The usual routine — because natural disasters are not uncommon in the islands — would be for everyone to simply send money directly to someone they knew who was affected.
But this time there are bodies in the streets and unprecedented misery.
"We're going to have to come together. We're going to have to do something bigger," Patricio said.
Patricio had been reading up on nongovernmental organizations, private charities and the Philippines' reputation for public corruption, trying to decide whom to trust with donations.
"This is an agricultural community. We are used to hard work, living from day to day. We can manage to give more," she said. "But it cannot go to waste."
 
Patricio came from the Philippines as a young woman with a degree in education. But in those days, Filipinos were treated as second-class citizens. The male laborers by contract were not allowed to marry or own property.
Patricio picked grapes. When the labor clashes started, she was locked out of work and scrambled to survive by stringing together part-time jobs. Then she had the idea to open a bakery.
A circle of friends pitched in money and various expertise — bookkeeper, baker, carpenter — to start Fil Bake Shop in the same building where it still stands, just off Highway 99.
By dawn, most of the farmworkers were in the fields that surround the town. It was the last of the table grape harvest and the leaves on the vines were already turning the color of rust and beginning to curl.
The day's second wave of customers were picking up pastries for their offices or trucks in the field. They were on their way to work, so conversations were to the point: "Have you heard from family?"

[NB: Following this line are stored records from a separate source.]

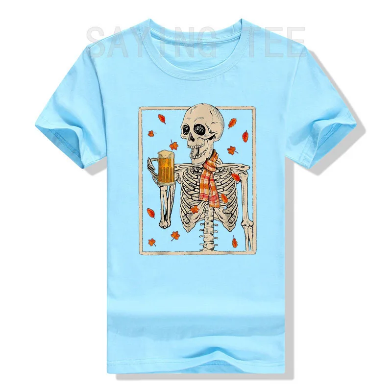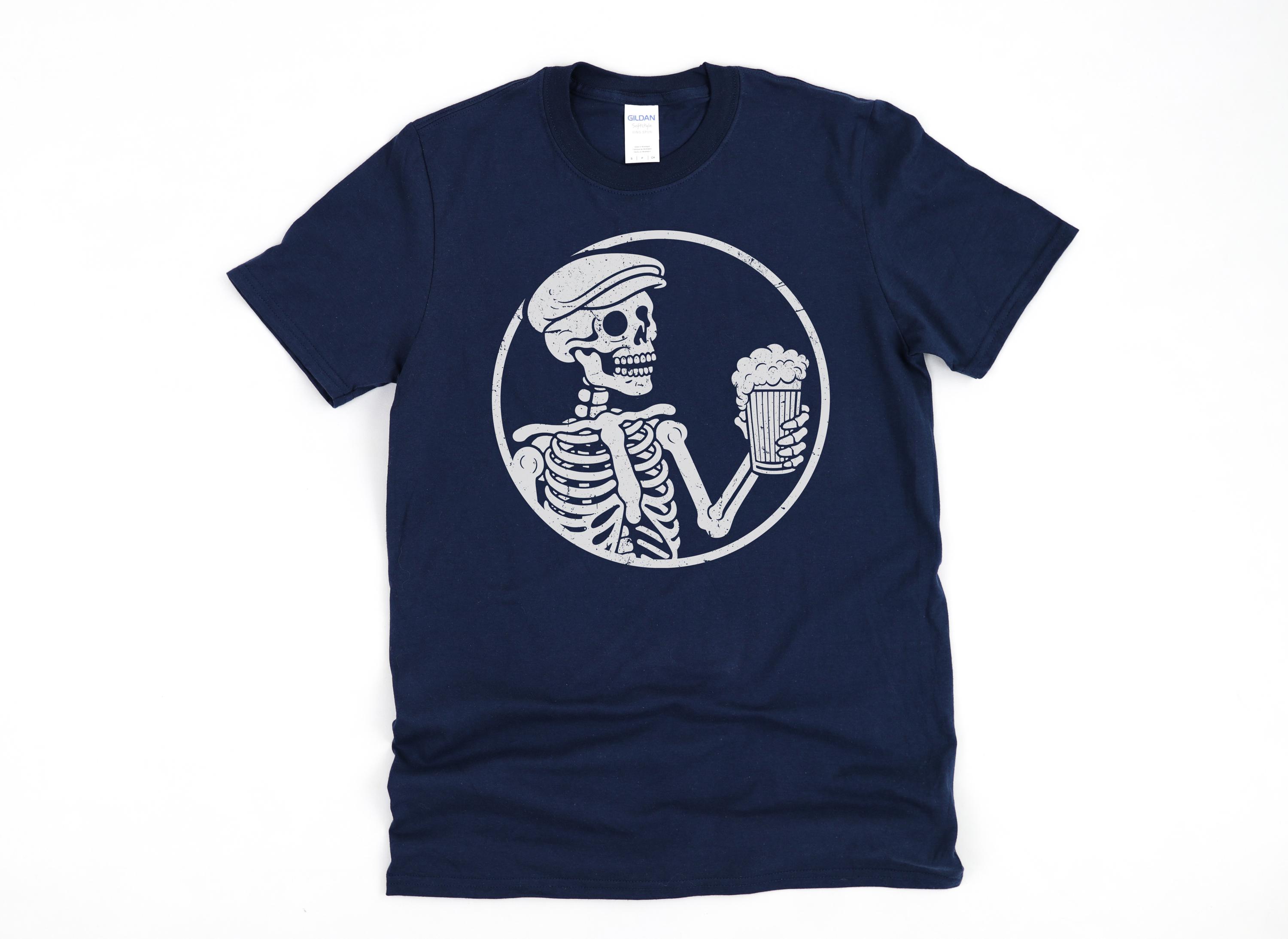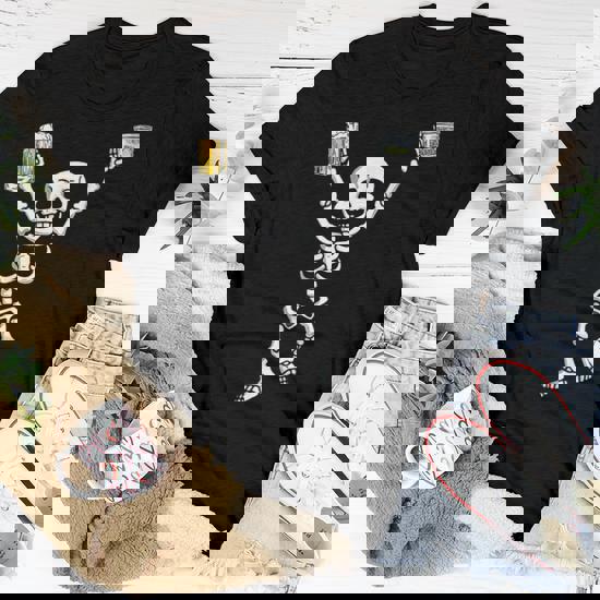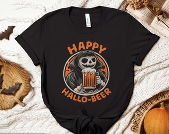 Bier und Skelette - was will man mehr zu Halloween? Dieses lustige T-Shirt zeigt ein Skelett mit Bierkrug in der Hand und sorgt garantiert für Lacher auf jeder Party. Perfekt für Oktoberfest, Kostümpartys oder einfach als Statement-Shirt.\\n\\nEgal ob Mann oder Frau, Papa oder Mama - wer schwarzen Humor und gute Laune mag, wird dieses Shirt lieben. Der klassische Schnitt sitzt bequem, und der doppelt genähte Saum garantiert Langlebigkeit.\\n\\nSuper für Halloween-Bar-Hopping, Kostümwettbewerbe oder einfach als Gesprächsstarter. Zeig, dass du Party und gruseligen Spaß verstehst! Einfach anziehen und die Komplimente einsammeln - das wird ein unvergesslicher Abend!
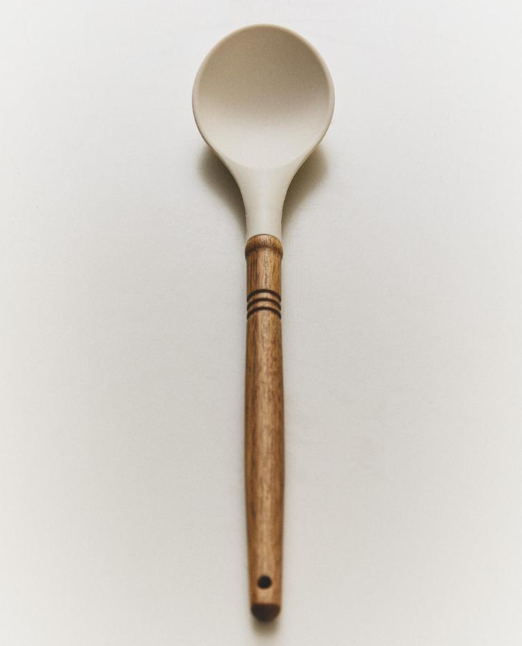 مغرفة سيليكون بمقبض من خشب السنط. غير مناسبة لغسالات الأطباق. نظراً لأنها منتج خشبي، فقد يختلف لونها وشكلها. يمكن الحفاظ على الخشب باستخدام الزيت النباتي.
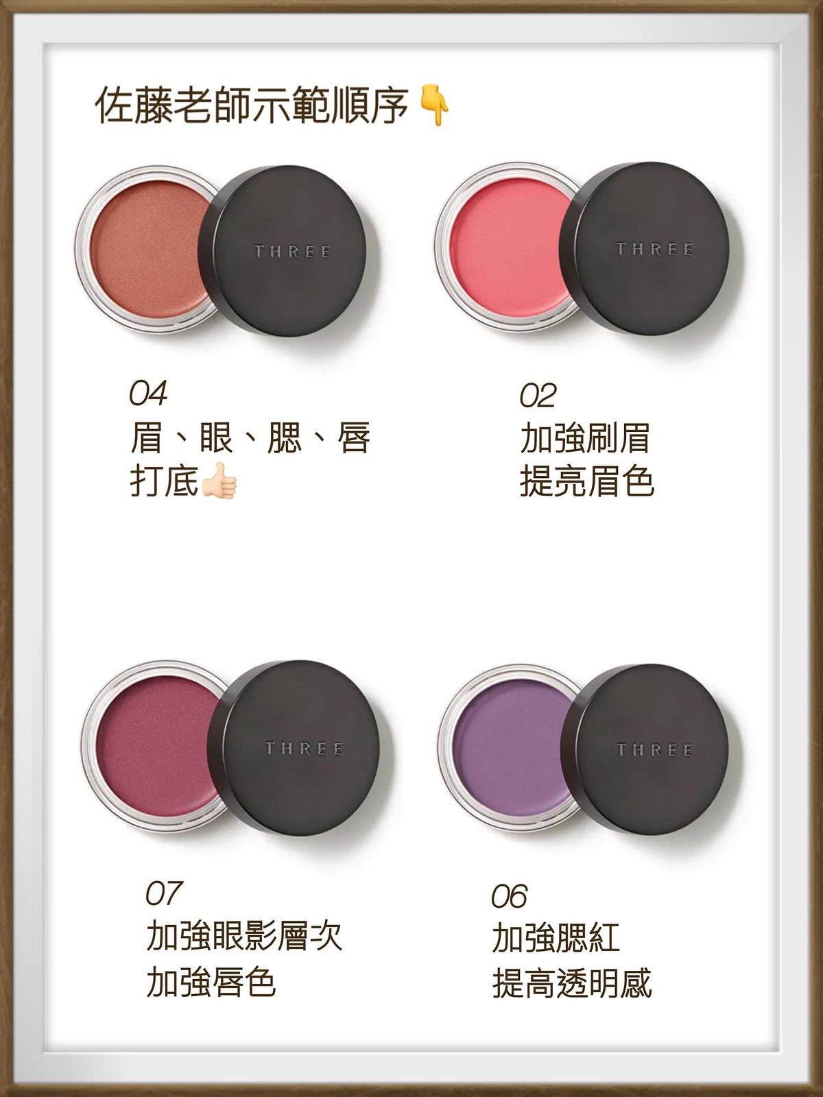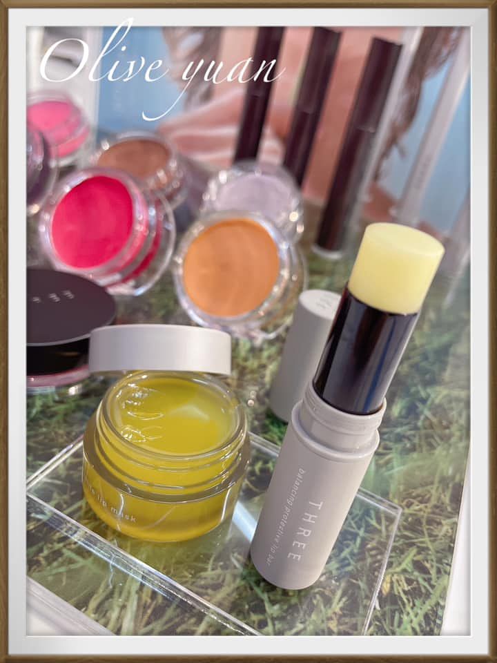 「平衡奢潤護唇膜(NT1,150)」除了THREE特有的精油成分,還添加了「銀耳多醣體、南非復活草、薑精油、寺藍藻多醣體、糖蜜、酒粕、溫州蜜柑果皮萃取精華」,所以具修護、保濕、循環等效果,佐藤老師除了用它幫模特兒做妝前唇部護理,也建議睡前當唇膜使用。

"Everybody's alive. They're surviving," Andy Alfeche told a friend.
Alfeche has family in Bohol and Cebu. He had already wired $500 and booked a flight for the Philippines in two weeks.
"I have to see for myself," he said.
Tony Cena, a field worker for 45 years, said his wife, Daisy, had been in the Philippines for a nursing conference and left Manila the day of the typhoon.
"She said the plane was shaking for 15 minutes when they flew past the storm. I didn't know if they canceled the flight. When I saw her in the airport at LAX, I was very happy. Very," he said ducking his head, hiding his eyes.
David De Guzman, 49, said when he came home last week, his landlord asked, "Did you see what happened?"
"His eyes were all bugged out. I thought, 'He just doesn't know how much death and destruction you see growing up over there,'" he said. "Our philosophy is just to enjoy your life. If you can, do a little good. But don't count on tomorrow."
But Guzman, a self-employed carpenter, was shocked when he watched the footage. What shook him the most were the broken coconut trees strewn everywhere.
"Coconut trees don't break. Sometimes they come up by the roots, but they never break," he said.
Normally, he shies away from fundraisers because he has never seen housing built for the poor after other disasters in the Philippines, he said.
"But 50 cents goes a mile in the Philippines," he said. "If the bakery accepts donations I'll give everything I can and hope I see houses."
Board members of the Filipino Community of Delano directed donations to the Red Cross after the California State Assembly listed it as a suggested organization. Patricio and her workers gave $500. VBZ Grapes, a
local grower, pledged $100,000.
Thursday morning, Patricio put a Red Cross donation box on the counter in front of trays of vanilla bread, lumpias and ladyfingers.
"The Filipino way is to keep worries inside," she said. "But it is right this time to tell all the people we are needing a little support."